Accelerators are devices that can provide very high performance and energy efficiency when executing certain applications. Towards this end, and for certain HPC applications, Field-Programmable Gate Arrays (FPGAs) can significantly outperform GPUs, which in turn significantly outperform CPUs [1], [2]. Therefore, it is highly desirable to optimize HPC applications for FPGAs so as to take the most advantage possible from such reconfigurable accelerators.

As such, OPTIMA is a heavily SME-driven project that aims to help programmers easily deploy applications to FPGAsupported HPC systems.
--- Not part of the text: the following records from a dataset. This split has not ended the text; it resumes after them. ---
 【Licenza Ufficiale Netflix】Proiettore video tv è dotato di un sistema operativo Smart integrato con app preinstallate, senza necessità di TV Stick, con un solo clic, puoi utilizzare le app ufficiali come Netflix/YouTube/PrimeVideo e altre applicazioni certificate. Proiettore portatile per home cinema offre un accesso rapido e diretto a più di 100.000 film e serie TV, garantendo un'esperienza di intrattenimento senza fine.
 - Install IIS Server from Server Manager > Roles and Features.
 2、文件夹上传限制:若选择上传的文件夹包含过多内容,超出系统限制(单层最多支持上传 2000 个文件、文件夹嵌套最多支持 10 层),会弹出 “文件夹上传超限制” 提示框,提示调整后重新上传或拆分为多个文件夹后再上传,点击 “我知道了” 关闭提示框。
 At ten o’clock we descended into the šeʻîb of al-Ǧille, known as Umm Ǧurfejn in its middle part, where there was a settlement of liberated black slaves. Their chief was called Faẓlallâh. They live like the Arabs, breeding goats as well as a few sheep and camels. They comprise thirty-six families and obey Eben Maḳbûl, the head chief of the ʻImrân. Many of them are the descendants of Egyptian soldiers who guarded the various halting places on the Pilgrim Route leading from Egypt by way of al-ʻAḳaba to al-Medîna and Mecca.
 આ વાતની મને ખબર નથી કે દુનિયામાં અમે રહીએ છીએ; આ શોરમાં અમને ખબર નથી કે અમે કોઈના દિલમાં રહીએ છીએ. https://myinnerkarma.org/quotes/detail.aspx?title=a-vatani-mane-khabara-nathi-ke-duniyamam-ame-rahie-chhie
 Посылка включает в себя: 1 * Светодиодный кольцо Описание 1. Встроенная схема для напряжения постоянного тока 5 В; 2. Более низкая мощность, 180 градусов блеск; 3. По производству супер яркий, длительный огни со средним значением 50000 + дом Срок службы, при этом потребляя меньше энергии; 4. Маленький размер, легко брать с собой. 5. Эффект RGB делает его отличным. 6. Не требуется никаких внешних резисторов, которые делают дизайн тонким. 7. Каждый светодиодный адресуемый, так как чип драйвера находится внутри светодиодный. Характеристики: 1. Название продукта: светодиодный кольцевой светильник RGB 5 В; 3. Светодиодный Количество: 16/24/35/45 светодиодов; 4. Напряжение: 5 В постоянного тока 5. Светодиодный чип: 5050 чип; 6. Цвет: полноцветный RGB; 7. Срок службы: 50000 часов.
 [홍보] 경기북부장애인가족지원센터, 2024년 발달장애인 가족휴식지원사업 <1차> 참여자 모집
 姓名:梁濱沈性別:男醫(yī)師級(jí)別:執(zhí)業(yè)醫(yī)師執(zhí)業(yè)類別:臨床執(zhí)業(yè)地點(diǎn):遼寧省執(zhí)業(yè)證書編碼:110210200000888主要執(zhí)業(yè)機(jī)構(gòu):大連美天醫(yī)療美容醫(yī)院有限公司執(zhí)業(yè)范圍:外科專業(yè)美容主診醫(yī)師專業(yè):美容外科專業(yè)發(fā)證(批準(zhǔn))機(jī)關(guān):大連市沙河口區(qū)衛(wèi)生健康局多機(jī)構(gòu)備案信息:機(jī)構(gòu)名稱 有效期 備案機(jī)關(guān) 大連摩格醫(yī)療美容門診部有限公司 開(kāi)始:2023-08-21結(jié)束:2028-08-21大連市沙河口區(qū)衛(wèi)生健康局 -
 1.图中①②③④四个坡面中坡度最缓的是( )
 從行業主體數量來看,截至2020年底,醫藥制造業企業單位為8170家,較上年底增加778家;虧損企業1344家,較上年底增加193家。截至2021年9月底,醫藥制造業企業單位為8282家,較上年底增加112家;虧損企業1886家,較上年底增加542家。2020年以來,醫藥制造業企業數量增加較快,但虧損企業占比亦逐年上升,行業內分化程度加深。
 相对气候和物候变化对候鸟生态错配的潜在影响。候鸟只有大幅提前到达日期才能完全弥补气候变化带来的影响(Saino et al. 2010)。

Its goal is to optimize real-world industrial applications to two novel FPGA-populated HPC systems; JUMAX, an HPC system that combines an AMD Epyc CPU and Maxeler FPGA-based DFEs, and server-class machines with Xilinx Alveo FPGA cards. Target applications include robotics simulation, underground analysis and computational fluid dynamics (CFD), where data processing is based on differential equations, matrix-matrix and matrix-vector operations. In addition, the project will also publish the OPTIMA OPen Source (OOPS) library, a set of basic linear algebraic operations, sparse matrix-vector arithmetic, as well as computer-aided engineering (CAE) solvers.

Having reached its intermediate state, OPTIMA's main achievements are the following so far:

- Webots, a robotics simulation software, has been ported to JUMAX, with a performance improvement close to 1.2x, when comparing the multi-threaded CPU to the FPGA performance;
- The open-source solver Lattice-Boltzmann computational fluid dynamics (LBM-CFD) has been ported to JUMAX, with a performance improvement of up to 4.7x;
- A sparse matrix-vector kernel has been successfully ported to a server machine with two U55C Alveo FPGA cards, providing marginal performance improvement for the underground analysis application;
- Minimum-resource BLAS L1 routines have been ported to a U280 Alveo card, where performance is improved by up to 7x, compared to optimized software OpenBLAS [3] implementations.

The rest of the paper is structured as follows: Section II provides an overview of the OPTIMA project. Section III presents the project's application domains. Section IV describes the project hardware platforms. Section V provides the project's intermediate results. Finally, Section VI concludes the paper and presents the project's final steps.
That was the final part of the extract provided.